Lol... I have had my Samsung galaxy S2 for five or so weeks and I still struggle with texting. I'm always hitting the wrong keys or typing unintelligible garbled messages. I never had this with the iPhone. 
I have tried GO SMS and Handsent as well as the stock app. 

Do any of you have the same issues and what app do you use for texting?

I'm seriously thinking of going down the route of selling the galaxy and buying a blackberry.

Cheers,

Nick


----------



## lincslad (Aug 23, 2011)

lol i got fingers like lincolnshire pork sausages and i have a blackberry and i have no probs with its querty keyboard, i didnt get a touch screen mobile i just cant get on with them.. muck on any glass or screen drives me nuts..


----------



## herbiedacious (Sep 27, 2010)

yup,l have this problem ool the tome.

Sent from my GT-I9100 using Tapatalk


----------



## vickky453 (Feb 27, 2009)

I dont have overly large hands, yet I constantly press several buttons on my ray. 

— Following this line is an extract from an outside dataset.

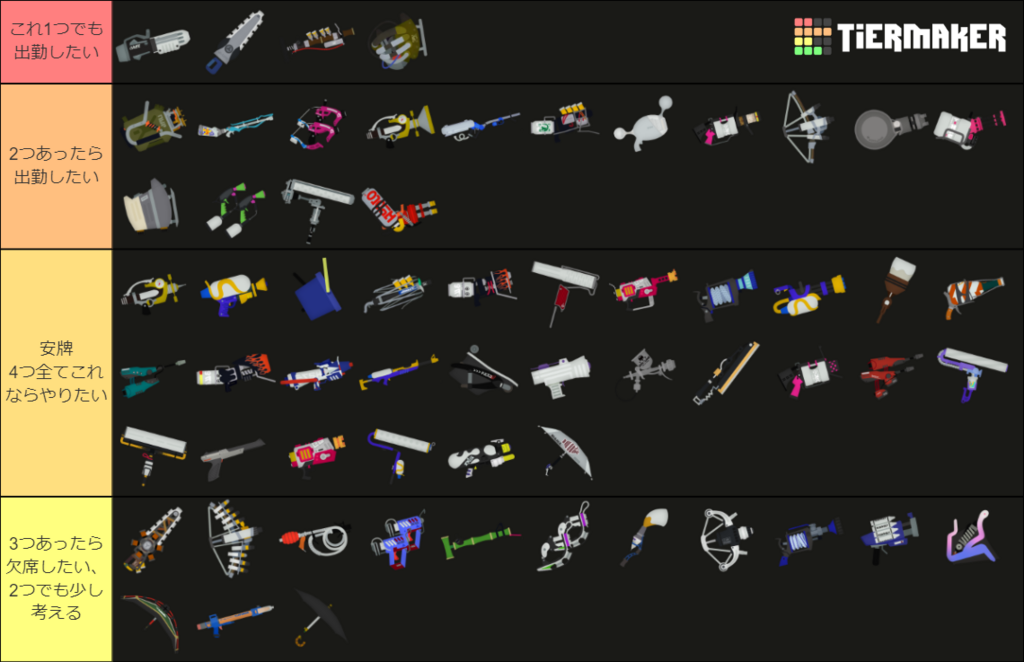 強さとか抜きにして独断と偏見による出勤したみTier表 今回は評価:粛清だけどワイは出勤

I.usually.type.like.this and lol always ends up lokt


----------



## Avanti (Jan 17, 2006)

NickTB said:


> Lol... I have had my Samsung galaxy S2 for five or so weeks and I still struggle with texting. I'm always hitting the wrong keys or typing unintelligible garbled messages. I never had this with the iPhone.
> I have tried GO SMS and Handsent as well as the stock app.
> 
> Do any of you have the same issues and what app do you use for texting?
> ...


I'm sururpised as the screen is large, what if you turn the handset sidewards is that easier for you?



vickky453 said:


> I dont have overly large hands, yet I constantly press several buttons on my ray.
> 
> I.usually.type.like.this and lol always ends up lokt


I'm a bloke but get on fine with my ray and predictive text :thumb:
Then again are you not the poster with the fancy nails?


----------



## silverback (Jun 18, 2008)

I have big hands myself an I can't get on with full touch screens for typing. My BB9900 on the other hand is a joy to type on. I think its down to the raised buttons on the keyboard. But I never imagined it would such a good experience. I came from a HTC HD to BB9700 an I won't be going back to full touch screens,I just don't think there at the level for typing. 

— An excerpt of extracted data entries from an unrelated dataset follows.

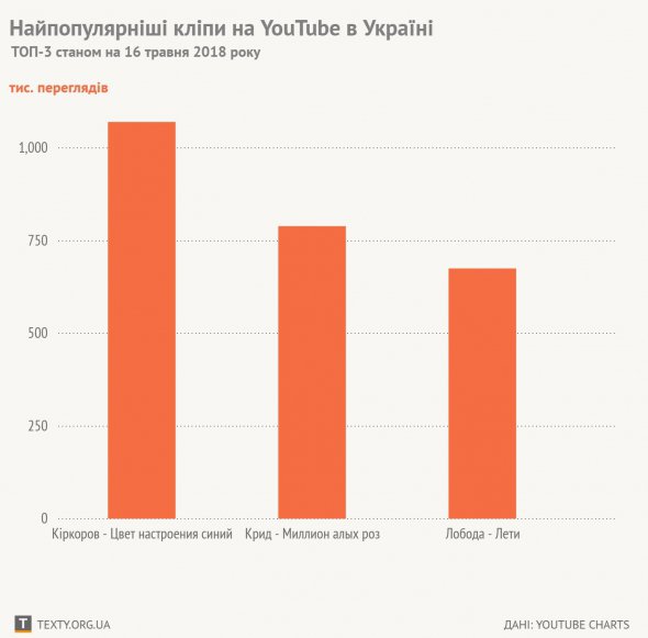 У рейтингу переглядів офіційних кліпів домінують Кірковов "Цвет настроения синий", Крід "Миллион Аллых роз", Лобода "Лети".
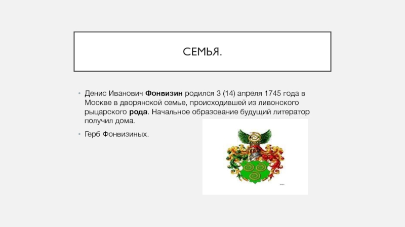 дворянской семье, происходившей из ливонского рыцарского рода. Начальное образование будущий литератор
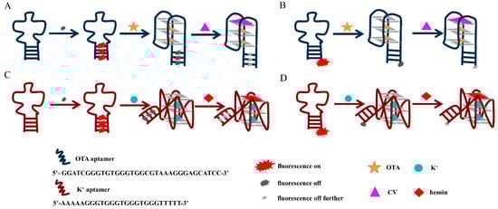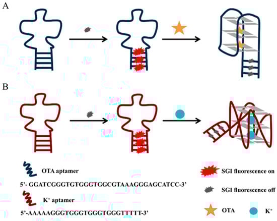 Schematic illustration of fluorescent aptasensors based on G-quadruplex quenching ability (A) for the detection of OTA (B) for the detection of K+.

Incidentally,the best experience I have had typing out emails an texts was on an a iphone 4.


----------



## lesdon499 (Oct 30, 2011)

Activate swype keyboard, then you just have to swipe your finger, get near the letter, complete the word and it does it for you


----------



## Fish (Nov 16, 2011)

Simple solution, turn it side on. 

Fish


----------



## NickTB (Feb 4, 2007)

Fish said:


> Simple solution, turn it side on.
> 
> Fish


Itscsudeon new

the above was typed at my normal iphone speed...

By the way i typed its side on now lol


----------



## NickTB (Feb 4, 2007)

Oh and for the record my fingers ain't fat lolol


----------



## Russ and his BM (Jan 1, 2008)

Your fingers aren't fat - the kit is poor to use, that's all.


----------



## Captain Pugwash (Mar 23, 2011)

have the same problem, but I switched it from the keyboard to the telephone layout keypad and that works fine for me


----------



## alfajim (May 4, 2011)

^^ must try that. i find swype is either spot on or a load of old tosh. mostly it's gobble de **** if you do it too fast.


----------



## Avanti (Jan 17, 2006)

Captain Pugwash said:


> have the same problem, but I switched it from the keyboard to the telephone layout keypad and that works fine for me


Thats the keyboard I use too :thumb:


----------



## Fish (Nov 16, 2011)

Russ and his BM said:


> Your fingers aren't fat - the kit is poor to use, that's all.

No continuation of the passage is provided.